3

I'm brainstorming some different ways of making deterministic encryption more secure. I want to use deterministic encryption to preserve searchability over the keywords in a document set. However, I know that frequency analysis is always a concern when preserving searchability in this way.

The strategy I came up with basically still does deterministic encryption (with SIV mode), except instead of just one IV I use ten different ones.* When I encrypt a keyword I choose a random number modulo ten and use that to index into the array of IVs. I then append the index to the ciphertext so it can be decrypted.

To search, you just encrypt the keyword with all ten possible IVs and make a big OR query with all ten ciphertexts.

I don't know a lot about frequency analysis, so I'm not sure how much (if any) additional security this provides compared to regular deterministic encryption. Anyone have any ideas?

My intuition is that for small document sets with relatively few keywords this does provide nontrivial protection against frequency analysis.
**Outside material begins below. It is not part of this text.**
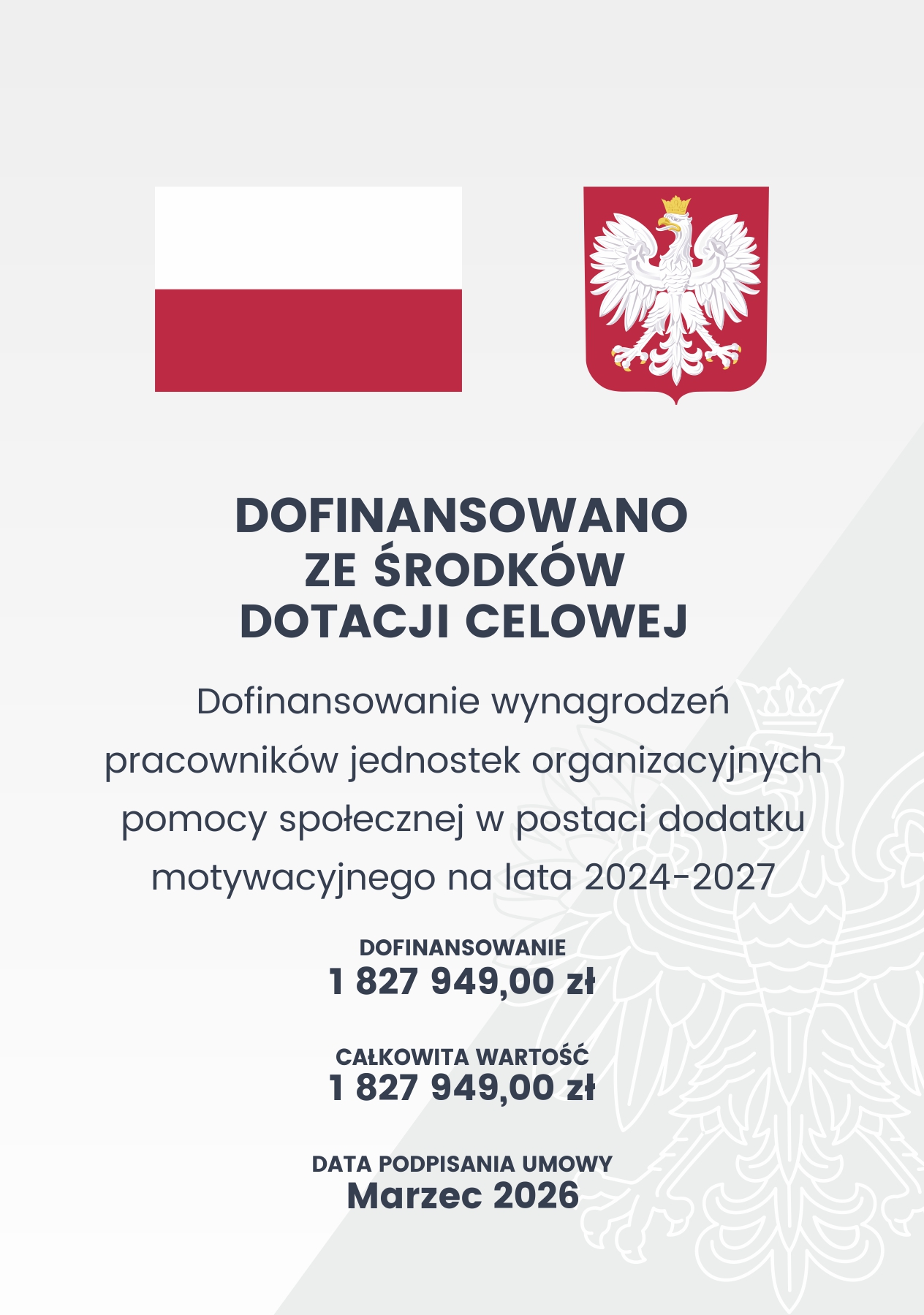 Powiat Bialski otrzymał dotację celową z budżetu państwa na realizację zdań własnych wynikających z rządowego programu „Dofinansowanie wynagrodzeń pracowników jednostek organizacyjnych pomocy społecznej i osób prowadzących rodzinną pieczę zastępczą w postaci dodatku motywacyjnego na lata 2024-2027

But I also think the security might not scale to very large data sets.

*In practice the 'IV' here will be additional input to the first step of SIV.

pg1989
  • 4,736
  • 25
  • 43

1 Answers1

1

Such a scheme would have two effects against an attacker trying to analyze the frequency of words and word combinations:

  1. They would need more samples to differentiate between two tokens at the same level of confidence.
  2. For two different tokens with similar frequency they would no longer know that the words differ.
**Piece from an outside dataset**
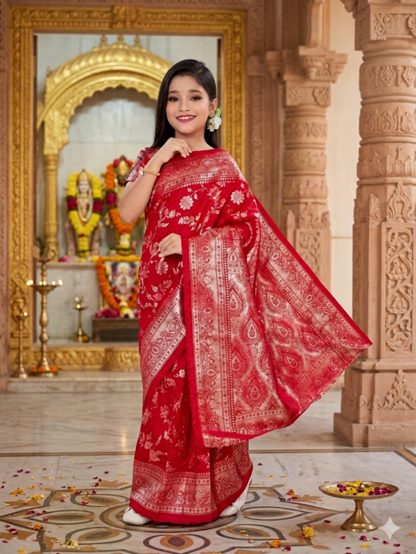 Make traditional dressing effortless and fun for your little princess with our new range of pre-stitched, ready-to-wear sarees. Perfect for festivals, traditional events, and family functions!

The first means you are making the problem like that of breaking a smaller data set. Larger collections of ciphertext are still breakable. You could correct for this by making the number of different IVs depend on the total plaintext size to be encrypted, but then you make searches even slower.

The second may even be more of a problem for an attacker. The less likely options can occur at almost the same frequency – e.g. in letters there is a significant difference between the frequency of 'e' and 't', but 'j' and 'x' are almost equally uncommon. That means even if you can deduce one token from context, you've only solved e.g. one twentieth part of the problem.

Are these insurmountable problems? No. The fix may patch some leaks, but the encryption remains much less secure than non-deterministic, semantically secure encryption.


Trying to extend your tweak, it might be better to use a non-uniform distribution for the different IVs. For example, illustrating only two IVs with letters, if the probability was $\frac{1}{3}$ for one and $\frac{2}{3}$ for the other, the frequency of 'e' with the first IV would become about equal to that of 'n' with the other.

Again, I emphasize that you should only encrypt information like this if you are OK with an attacker learning nontrivial facts about the plaintext.

otus
  • 32,462
  • 5
  • 75
  • 167